High debt levels, mass unemployment and poor economic growth were some of the issues raised at a pre-budget briefing given by the Parliamentary Budget Office to the Standing and Select Committees on Finance.

Committee Members were told that poor levels of investment remained a problem, and that there was a need for demand side macroeconomic solutions. It was suggested that targeted spending could boost demand in the economy and support new investment. Continued poor economic performance and serious external risks required a countercyclical stimulus, rather than continued fiscal consolidation.

The Committees were given an outline of the development priorities listed in the President's State of the Nation Address. They were told there was a need to improve oversight of the implementation of these priority projects, and to measure them against annual performance plans.

The implementation of the National Health Insurance (NHI) scheme was among the issues discussed, with questions being raised about its affordability. Members were reminded that implementation had been under way for some years, although progress had been slow.

Meeting report

The Standing and Select Committees on Finance received a briefing from the Parliamentary Budget Office (PBO) on economic and budgetary issues ahead of the tabling of the annual Budget by the Minister of Finance.

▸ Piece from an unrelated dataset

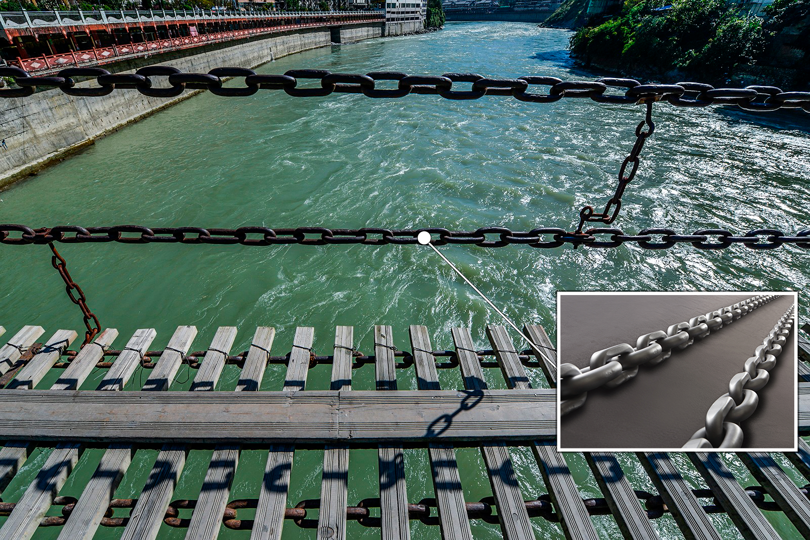 在山區(qū),由于地形復(fù)雜,道路建設(shè)難度大,鐵索橋便成為了一種重要的交通設(shè)施,除去能便利交通外,鐵索橋本身也具有一定的觀賞價值。 |

It was announced at the start of the meeting that the Chairpersons of both Committees were unable to attend due to reasons beyond their control. Ms P Abraham (ANC) was unanimously elected as the acting Chairperson. She invited the PBO to make a presentation.

Pre-Budget briefing

Ms Nelia Orlandi, Deputy Director, PBO, said the President's State of the Nation Address (SONA) provided the strategic direction for planning and budgeting. The government was responding to challenges in:

  • Transport, by fixing the commuter rail system;
  • Skills development, by building technical and vocation education and training (TVET) colleges and a University of Science and Innovation in Ekurhuleni;
  • Job creation and security, through the development of master plans for the automotive, clothing and textiles, poultry, sugar and steel industries;
  • Youth unemployment;
  • Crime, by establishing a crime detection university at Hammanskraal; and
  • Electricity supply, by enabling municipalities to procure their own power from independent power producers (IPPs).

Other initiatives were to establish a sovereign wealth fund and a state bank.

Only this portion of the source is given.